Here’s Why Pokemon Bank Is Exciting

Here’s Why Pokemon Bank Is Exciting

At first glance, having the ability to store Pokemon in the cloud doesn’t seem like a big deal. It’s just storage, you know? A place to put Pokemon in. Uh, ok. Neat for the collectors and obsessive Pokemon breeders, sure, but what does it mean for everyone else?

Thing is — and mind, some of this is speculation — something as small as Pokemon Bank, the recently revealed 3DS app for storing Pokemon, can have a lot of implications.

Let’s start with the most obvious one: you don’t have to worry about losing or corrupting older carts anymore. Heck, you don’t even have to worry about keeping old carts with you at all if you put your favourite Pokemon in the cloud. I’m not the only one that has way too many Pokemon carts, right? Now I don’t need to always keep them around to have access to my Pokemon, or to transfer Pokemon between games thanks to Poke Transporter — an app that will launch with Pokemon bank.

Oh and… here’s a small, appreciated detail about Poke Transporter:

Here’s Why Pokemon Bank Is Exciting

Eat your heart out, cheaters. You can’t just have a box of thousands of shiny level one legendaries!

Now, one of the long-standing difficulties about transferring Pokemon is that the early games aren’t as accessible anymore. You can’t, for instance, transfer a Pokemon from the original Red and Blue into the newer games (if you for some reason wanted to do that), and although we can transfer Pokemon from the second gen Game Boy Colour games thanks to Pokemon HeartGold and Soul Silver, Pokemon Ruby and Sapphire are a bit more difficult because they’re Game Boy Advance games. Sure, you could find an older DS and move those Pokemon up the hard way, but that’s kind of a hassle, isn’t it? Especially since the 3DS doesn’t have a GBA slot.

What if, technologicalbrian poses, Nintendo released the older games on the 3DS’s eShop?

Here’s Why Pokemon Bank Is Exciting

Kind of unlikely, I think, but geez. I’m sure they’d sell well if Nintendo actually went for it, and it would certainly make transferring between older games even easier. You could just use the same system, sans carts or much hassle to perform the transfers.

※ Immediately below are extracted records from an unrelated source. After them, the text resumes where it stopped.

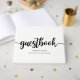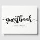 Simple Modern Handwritten Script Wedding Guestbook with "guestbook" typography to go with your elegant wedding. Sparkle & Glitter © The design features the bride and groom names and wedding date script that are customizable. Shown in black and white but can be customized to your wedding colors for the text and background. Add any other graphics, photo or monogram to you personalize this template.
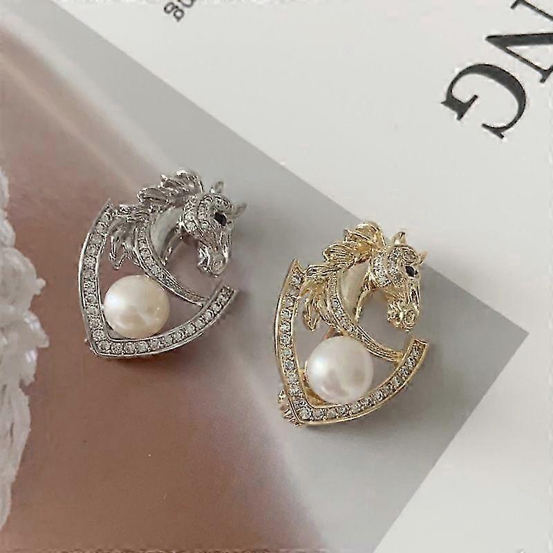 Elegant Baroque Style Horse Lapel Pin with Artificial Pearls Versatile Anti Exposure Brooch for Wome
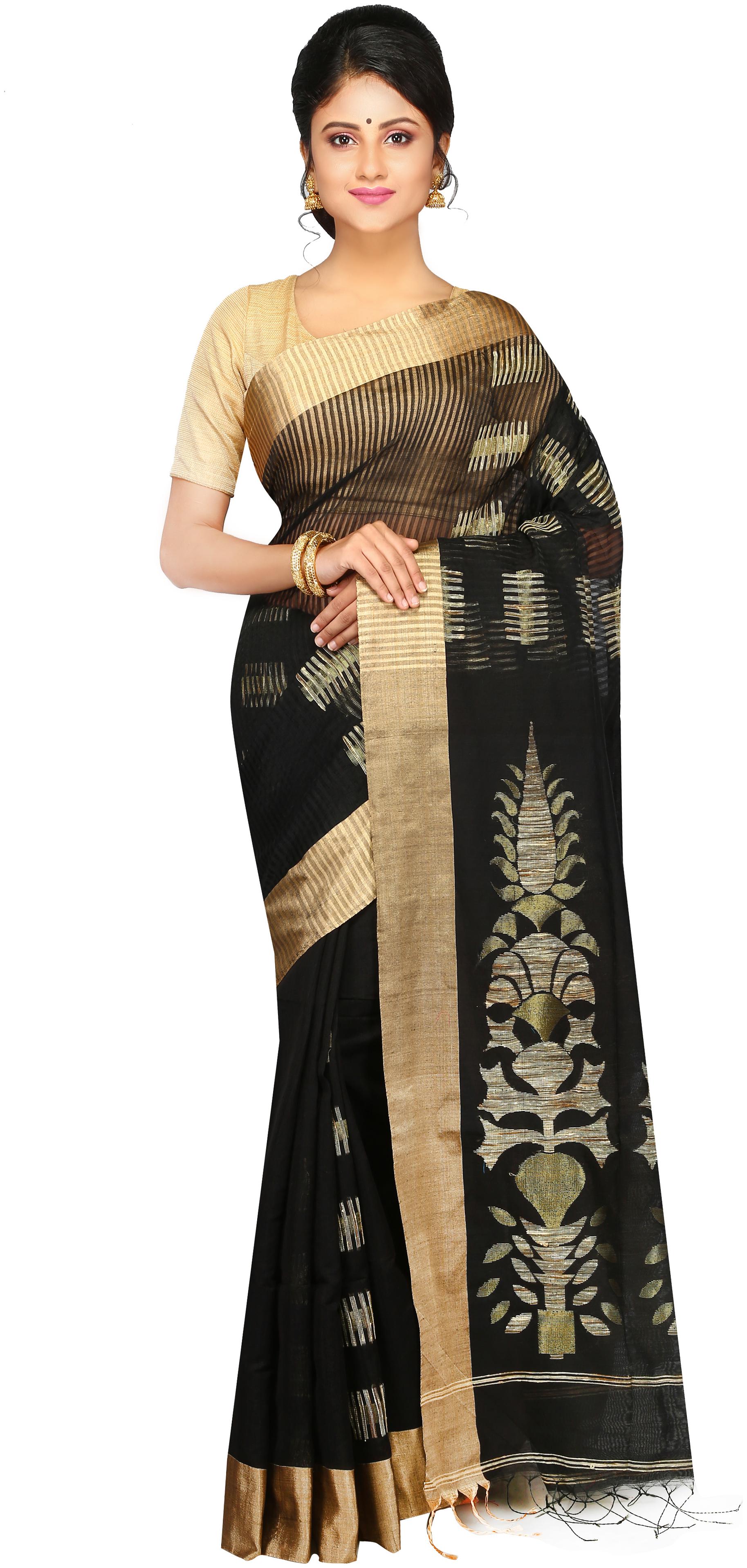 Pinkloom saree Clearance, Buy PinkLoom Beige & Blue Pure Cotton Woven Design Handloom Jamdani Sustainable Saree - Sarees Clearance
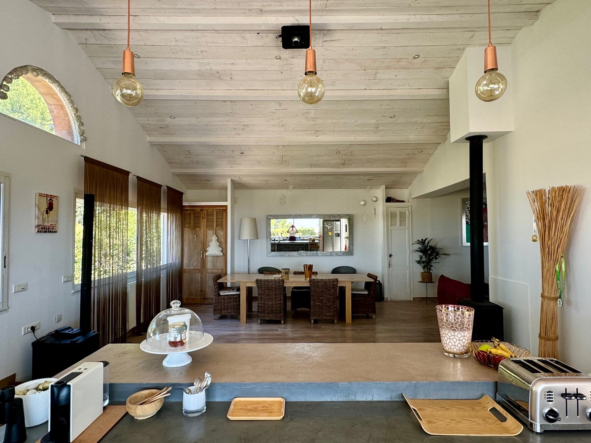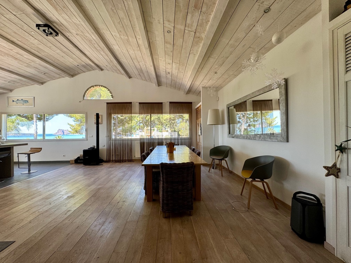 The villa’s inviting double-height living room with elevated ceilings and generous volumes opens onto a scenic terrace overlooking the sea—perfect for enjoying warm evenings and ocean breezes. Two bedrooms are conveniently located on the main level, while a charming third bedroom under the roof provides added privacy.
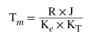 對于直流伺服電動機和交流伺服電動機的具體計算方法,可用電機端電阻R,轉(zhuǎn)動慣量Jm,反電勢系數(shù)Ke,轉(zhuǎn)矩常數(shù)KT等參數(shù)表示:
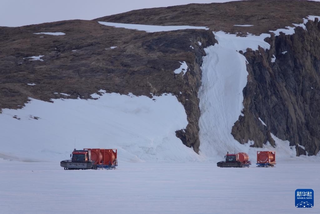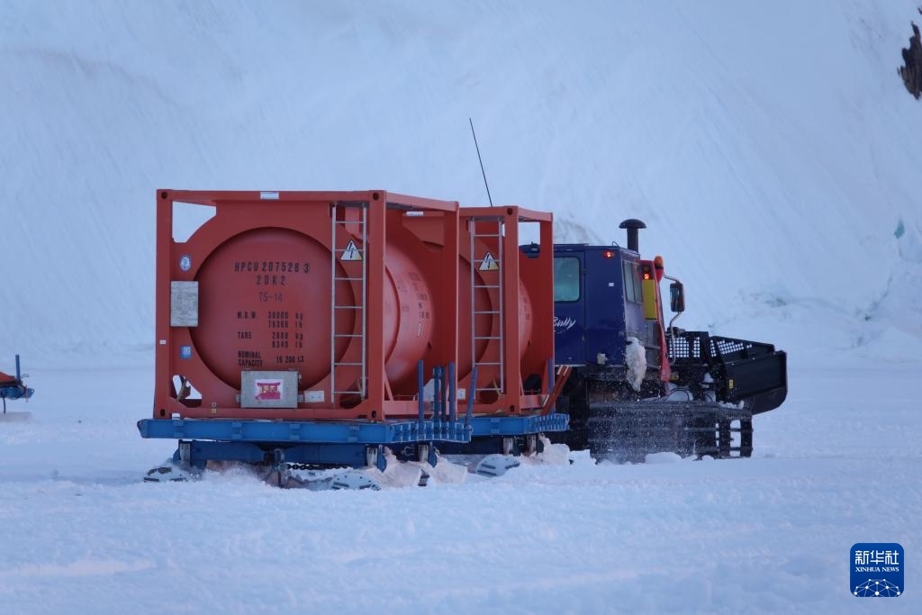 北京時間12月3日凌晨,雪地車拉著加滿燃油的油罐離開“雪龍2”號,駛向中山站。新華社記者 顧天成 攝
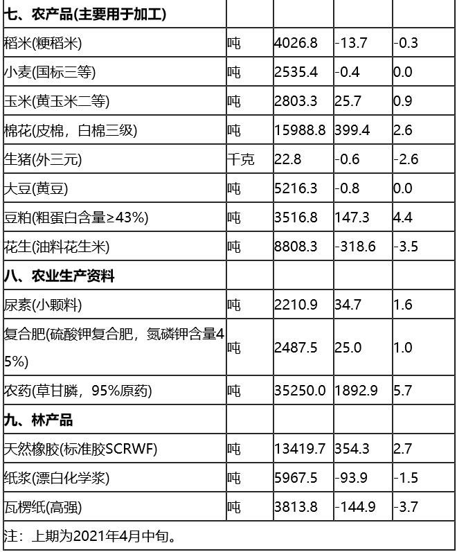 2021年4月下旬流通领域重要生产资料市场价格变动情况
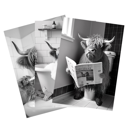 Highland Cows Gone Wild – Bathroom Edition | Set of 3 Black & White Prints
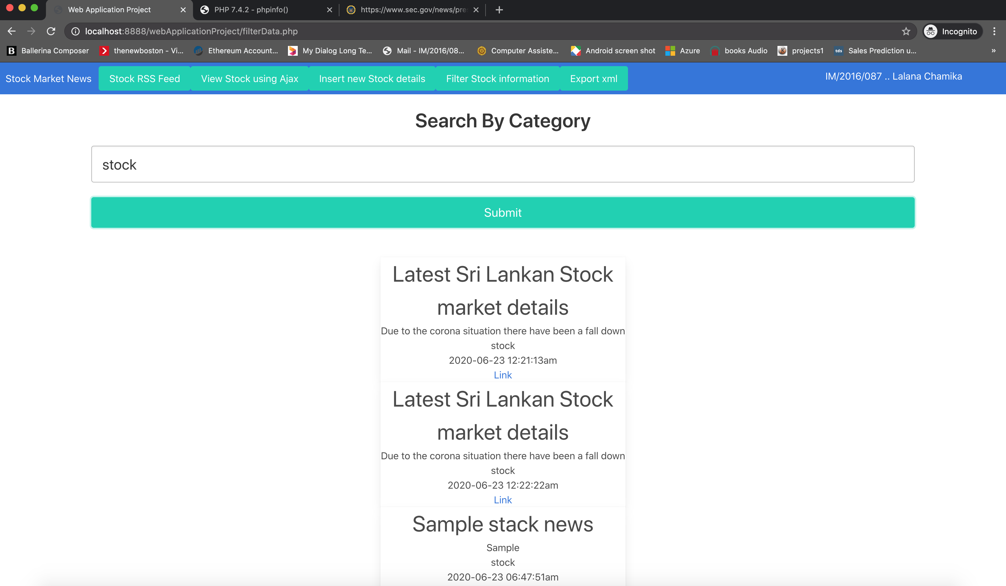 📈📊Web applications that process stock market news XML file(which is obtained from an open source RSS feed "https://www.sec.gov/news/pressreleases.rss" ), store extracted information in MongoDB, add new entries, generate new xml datasets, different types of reports based on filters

Things get even more interesting if we look beyond the major handheld games. Imagine how cool it would be if you could transfer Pokemon between, say, the new Mystery Dungeon and X & Y? That’s the sort of possibility that having access to a storage detached from any game in particular opens up. And while we haven’t had a console Pokemon game in a long while, there are rumours of a new one popping up. We know that the 3DS and Wii U can interface in some way, given that the upcoming Smash Bros game will let players transfer characters they’ve customised between the Wii U and 3DS versions. It would be pretty swell if we could transfer Pokemon from a hypothetical Wii U game into the 3DS’s Pokemon Bank, or vice-versa (or if there was any sort of communication between the handheld games and the console games, really).

Whether or not Nintendo will do a lot of this, we don’t know — it’s speculation, yes, but it’s all stuff that Pokemon Bank opens the doors for. But also…the things I’ve mentioned so far? Most of it is stuff that either things we’ve been able to do before in some form (remember Pokemon Box or Pokemon Ranch?), or is simply the streamlining/updating of some older process.

For all the hubub about Pokemon being a kids game, many of us have actually grown up with the franchise…we’re not kids anymore. We’re adults. And maybe…Pokemon is a thing we want to pass on? I’ll quote Tiny Cartridge’s dannel jurado here, as he speaks to the possibilities eloquently (note that he’s referring the Pokemon Nintendo Direct that happened last week, which you can watch here):

The interesting fascinating thing happened when Ishihara humblebragged about meeting with Shoko Nakagawa, a 28-year-old Japanese idol/actress who enjoys the Pokémon series a great deal.

“At the end of the interview, [Nakagawa] told me that she wished I would create something like Pokémon Bank. She wanted her Pokémon that she trained to be securely stored and passed down to her kids and grandkids.

She wanted something like Pokémon Bank because she wanted her kids and grandkids to remember that their grandma fought battles using Charizard.”

I had to watch that part of the video again a couple times. I’ve long considered Pokémon to be something I’ll play for as long as they put out games, but here’s someone who wants to hand down Pokémon for generations to come. Until Ishihara shared that anecdote, I had no idea that that was something I wanted to do.

Allow me to remove some context to better allow a look at how amazing this is: we’ve created memories so strong with a piece of digital information that we want to show these memories to our descendants.

I don’t know about you, but man. Thinking about handing down an old friend to a kid is pretty effin’ beautiful.